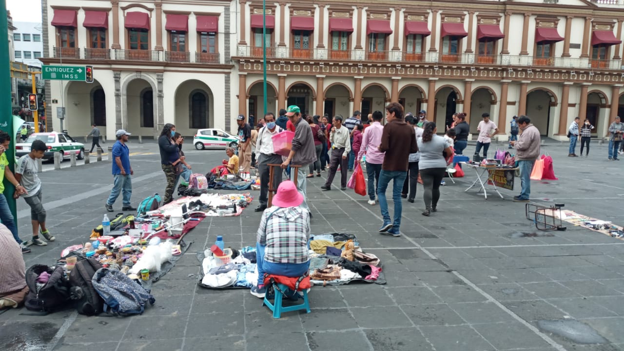 Vendedores de chácharas de diversas partes de la capital, se manifestaron en la Plaza Lerdo colocando sus productos, en protesta porque el ayuntamiento de Xalapa no les permite trabajar como medida de prevención para evitar la propagación del Covid-19.
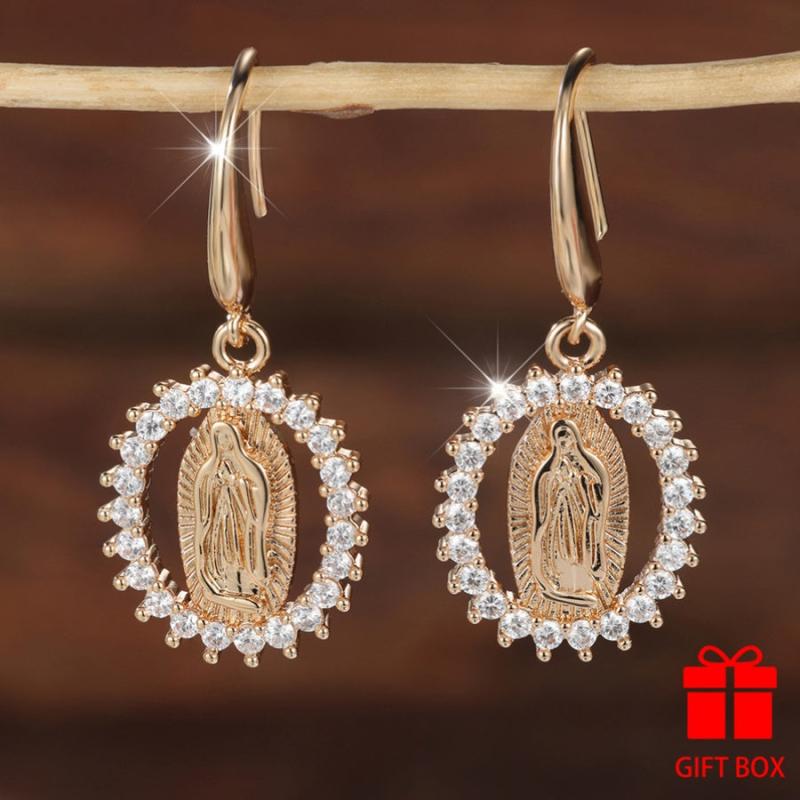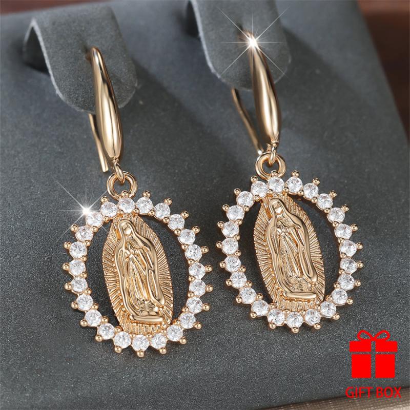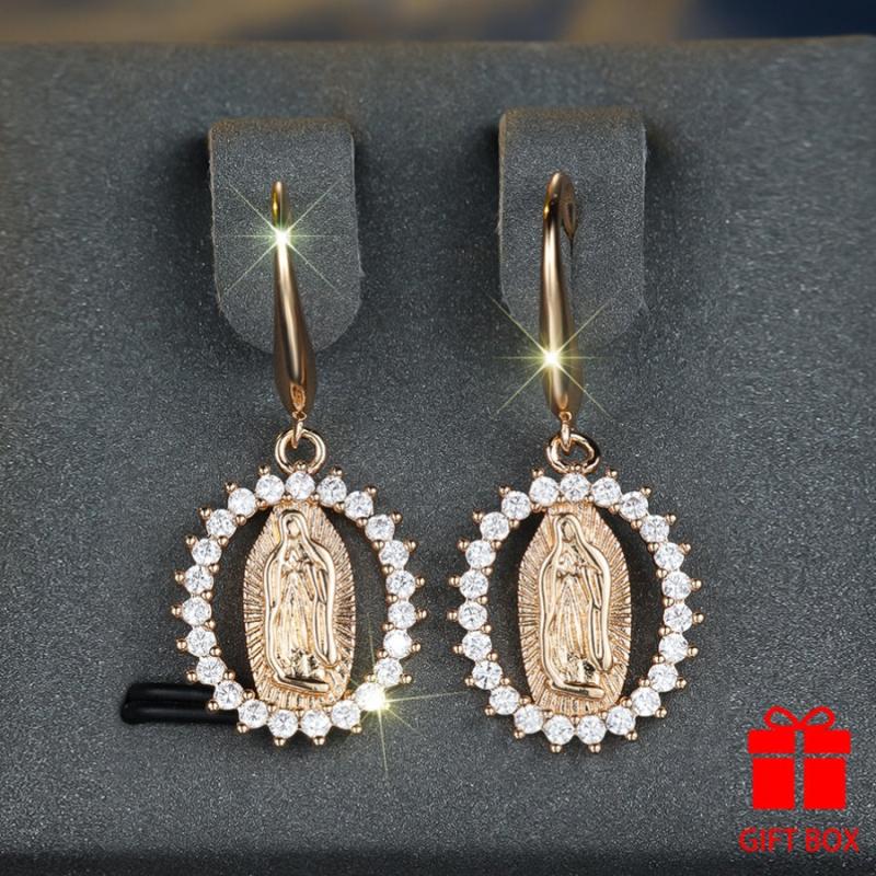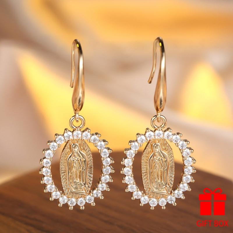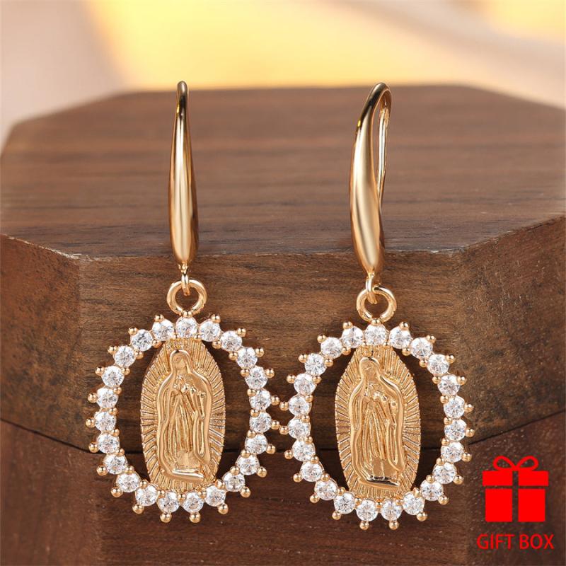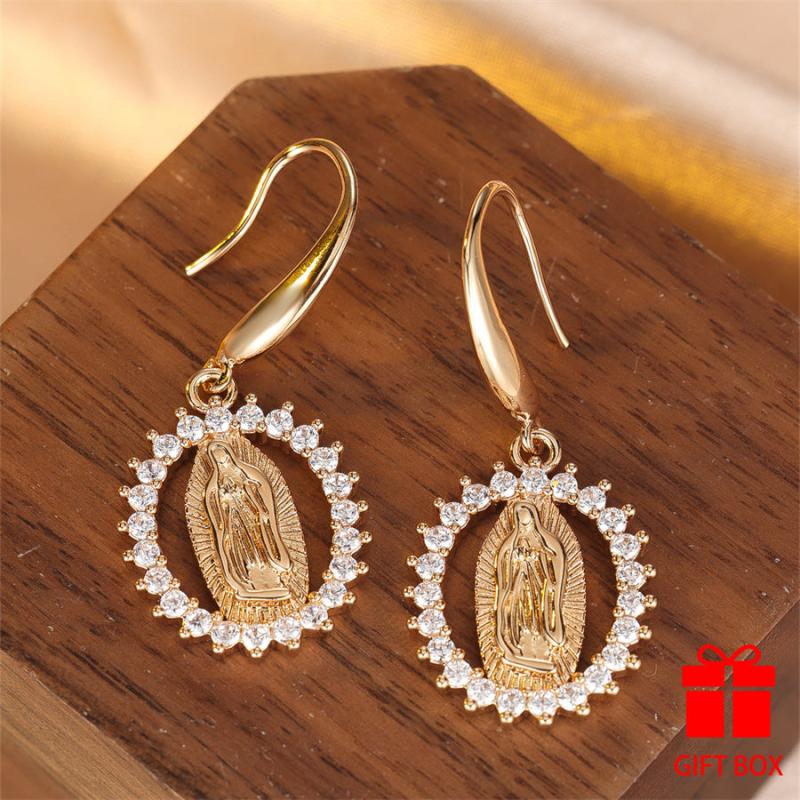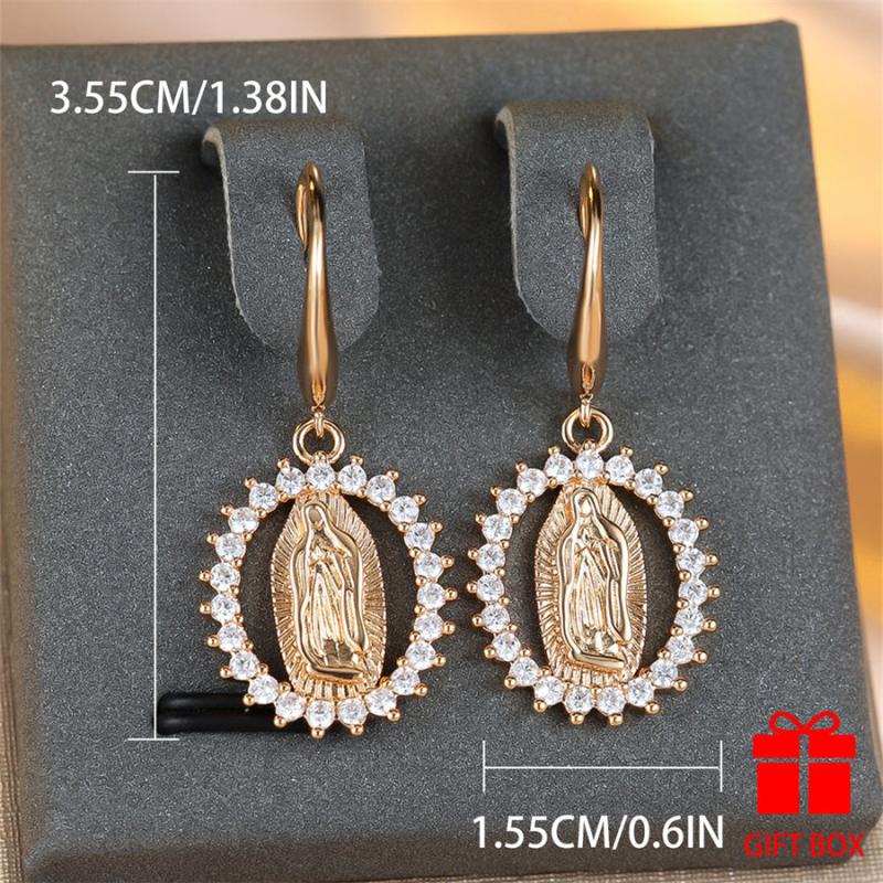Add a touch of elegance to your outfit with these unique Virgin Mary statue earrings featuring synthetic zirconia. Perfect for parties, holidays, and daily wear.
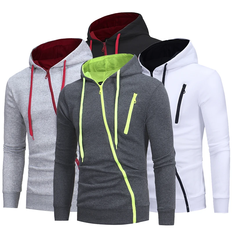 Мужская толстовка с капюшоном, с длинным рукавом, на молнии, осень ...
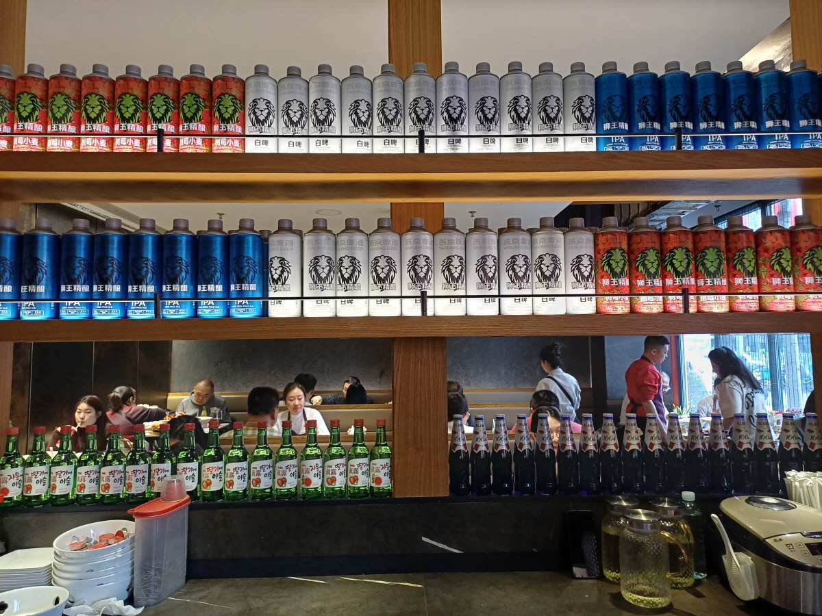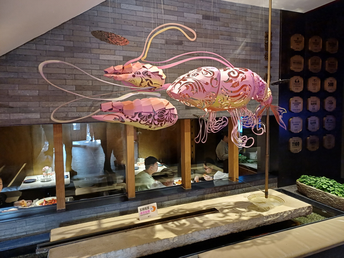 입구로 들어가 계산대를 살펴보니, 마오타이 술병이 일렬로 전시되어 있는데 이런 모습은 방문했던 중국 식당 중 처음이다. 롱샤의 모습을 한 조형물도 참 인상적이었다.
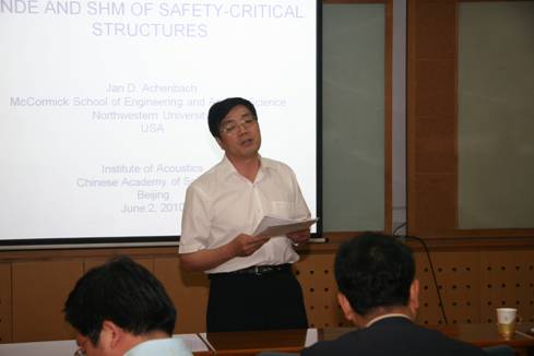 王所长主持了学术报告会,并对Achenbach教授作了热情洋溢的介绍。Achenbach教授1959年毕业于荷兰Delft理工大学,1962年于美国Stanford大学获得博士学位,并于1963年入职西北大学,是西北大学质量工程和破坏预防中心的创始人。该中心致力于结构力学的质量控制,在航空等工业领域有着深远的影响。Achenbach教授发展了材料缺陷的超声散射探测与表征方法。通过分析和实验,对地震机理、复合材料动载力学响应、火箭推进器振动等问题上得到了出色的结果。王所长特别指出Achenbach教授长期以来一直热心关注和中国学者之间的学术交流,希望年轻的科研工作者能够继续保持这种态势。
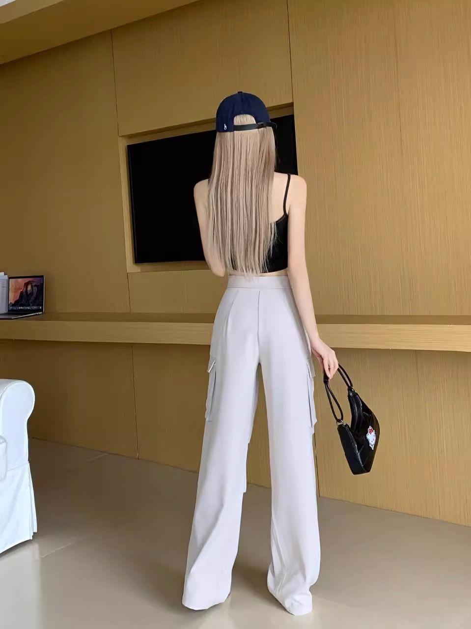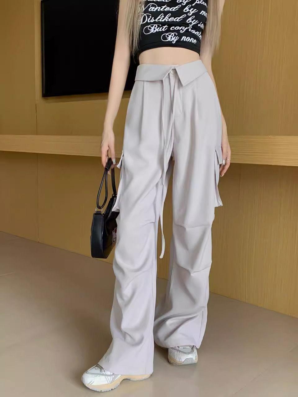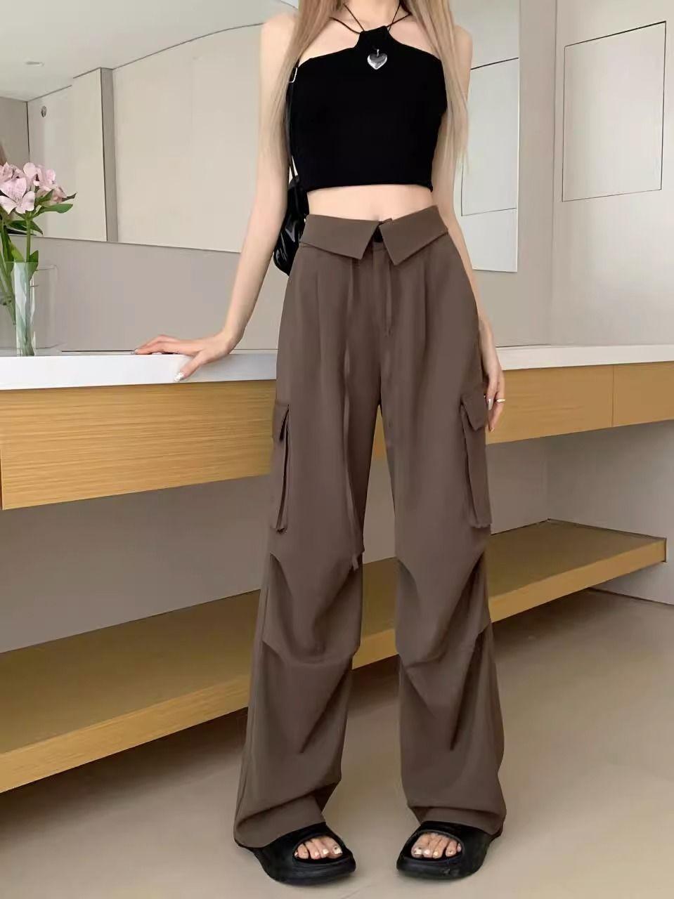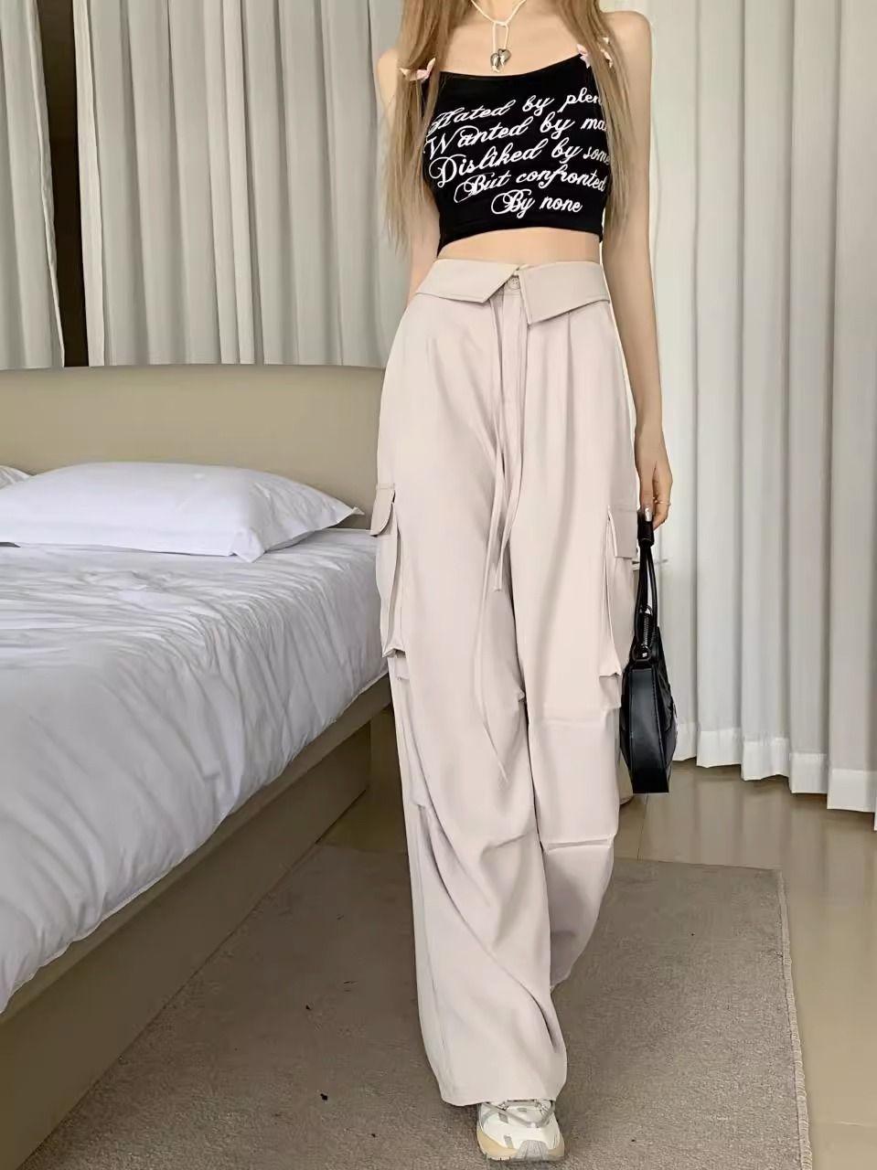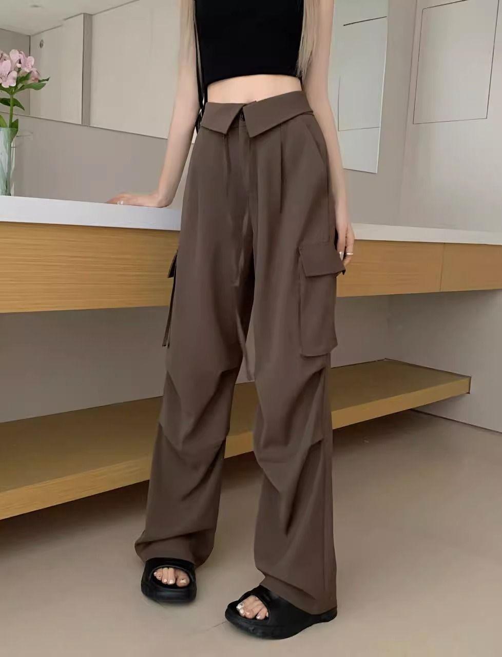 Mono retro multibolsillos de nicho para mujer, nuevo diseño 2023, pantalones casuales holgados de pierna ancha

> **THE PROBLEM**:
"Мужская толстовка с" marks the first line to copy; copy that line and every line after it through the last line of the listing, exactly and without pictures.

> **SOLUTION FOR THIS PROBLEM**:
 Мужская толстовка с капюшоном, с длинным рукавом, на молнии, осень ...
 입구로 들어가 계산대를 살펴보니, 마오타이 술병이 일렬로 전시되어 있는데 이런 모습은 방문했던 중국 식당 중 처음이다. 롱샤의 모습을 한 조형물도 참 인상적이었다.
 王所长主持了学术报告会,并对Achenbach教授作了热情洋溢的介绍。Achenbach教授1959年毕业于荷兰Delft理工大学,1962年于美国Stanford大学获得博士学位,并于1963年入职西北大学,是西北大学质量工程和破坏预防中心的创始人。该中心致力于结构力学的质量控制,在航空等工业领域有着深远的影响。Achenbach教授发展了材料缺陷的超声散射探测与表征方法。通过分析和实验,对地震机理、复合材料动载力学响应、火箭推进器振动等问题上得到了出色的结果。王所长特别指出Achenbach教授长期以来一直热心关注和中国学者之间的学术交流,希望年轻的科研工作者能够继续保持这种态势。
 Mono retro multibolsillos de nicho para mujer, nuevo diseño 2023, pantalones casuales holgados de pierna ancha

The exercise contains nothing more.